The other party possibly prejudiced by the fact that a first right of refusal is not currently capable of being registered on the owner/grantor's title is the grantee of the first right. As stated above, it is the writer's assumption that most grantors of first rights of refusal will honour same and make it clear to any third party purchaser that acceptance of purchaser's offer is subject to the first right of refusal.  But what about the first right of refusal grantor who fails (carelessly or fraudulently) to advise a subsequent third party purchaser - or for that matter, anyone else contemplating acquiring a subsequent interest in the land, such a mortgagee - of the existence of the first right of refusal? Under current law, the subsequent third party purchaser, mortgagee or other person acquiring an interest in the land would no doubt acquire free and clear of the first right of refusal. This would leave the grantee of the first right of refusal with a claim for damages against the owner.  Such a claim may not be adequate redress for the aggrieved first right of refusal holder.

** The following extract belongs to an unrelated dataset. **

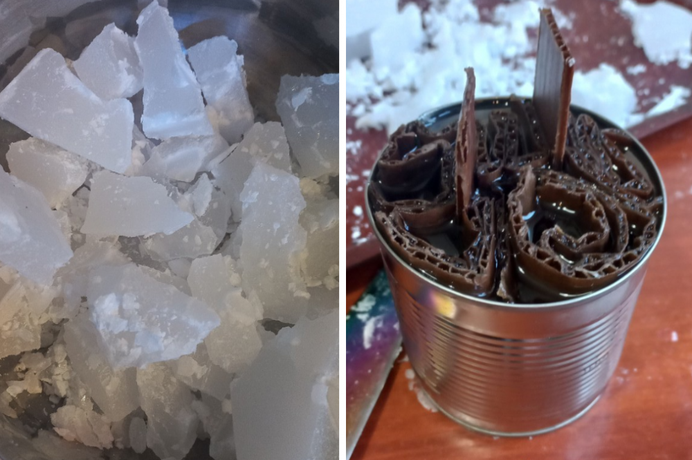 «В целом, уходит полчаса времени на одну банку без ожидания семь часов, но обычно это все делается поэтапно. Мне приносят большой пакет банок, я их все мою, жду, пока высохнут. Потом идет нарезка картона — тоже занимает какое-то время, и затем уже начинается процесс заготовок, когда картон в банки вставляется. Огромное время уходит на заливку», — делится волонтёр.

PerhapsManitobalegislation should be amended so that holders of first rights of refusal are able to register, record or otherwise place notice of their rights against the owner's title so as to bind persons subsequently acquiring any interest in the owner's land.  Such amendment could specify that:

             (i)                in order to so register, record or otherwise place notice on title, the agreement creating the first right of refusal must clearly specify that it is the intention of the owner and grantee that the rights given to the grantee are intended to bind successors in title to and other persons acquiring interests in the owner's land; and

            (ii)                the agreement must itself be a legally valid agreement or grant (this may go without saying, but - and as noted by the Court in the Kadyschuk Case - it was open to argument that the first right of refusal agreement in question was void for uncertainty in several respects).